• ASSIGNMENT
Apart from the pictures, everything in the lines below must be printed exactly.

DATA START

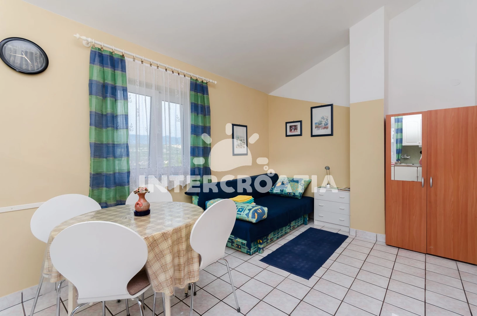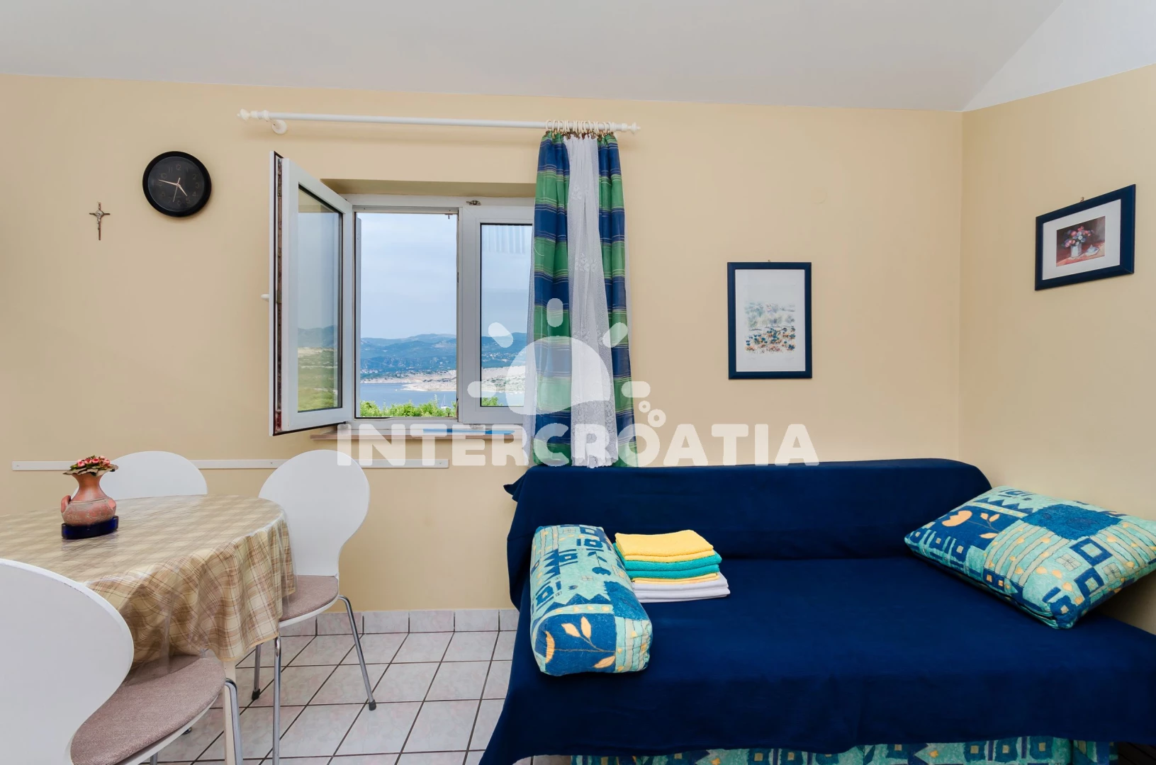 Vzdálenosti: Moře 200 m, pláž 300 m (oblázková a betonové desky), restaurace 250 m, bar 250 m, supermarket 600 m, čerpací stanice 1,5 km, lékárna 2 km, ambulance 2 km, směnárna 2 km, tenisové kurty 2 km, banka 2 km, pošta 2 km, veřejná doprava 2 km, muzeum 2 km, letiště (Rijeka) 3 km, centrum 3 km, diskotéka 6 km, trajekt (Valbiska (Krk)) 20,0 km,
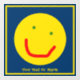 A green-eyed yellow sun smiling on a blue background. Add your own text. You may change the color of both the text and the background. You may also change the border color or remove it completely.
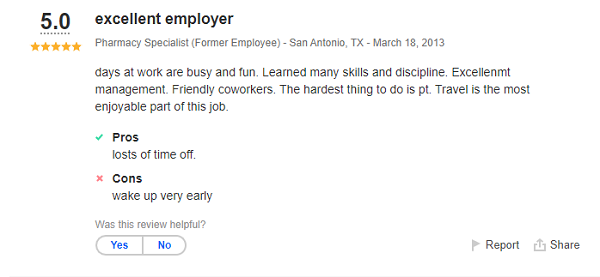 The positive reviews note time off, benefits and learning the responsibilities of the Pharmacist.

DATA END

• TASK OUTPUT
 Vzdálenosti: Moře 200 m, pláž 300 m (oblázková a betonové desky), restaurace 250 m, bar 250 m, supermarket 600 m, čerpací stanice 1,5 km, lékárna 2 km, ambulance 2 km, směnárna 2 km, tenisové kurty 2 km, banka 2 km, pošta 2 km, veřejná doprava 2 km, muzeum 2 km, letiště (Rijeka) 3 km, centrum 3 km, diskotéka 6 km, trajekt (Valbiska (Krk)) 20,0 km,
 A green-eyed yellow sun smiling on a blue background. Add your own text. You may change the color of both the text and the background. You may also change the border color or remove it completely.
 The positive reviews note time off, benefits and learning the responsibilities of the Pharmacist.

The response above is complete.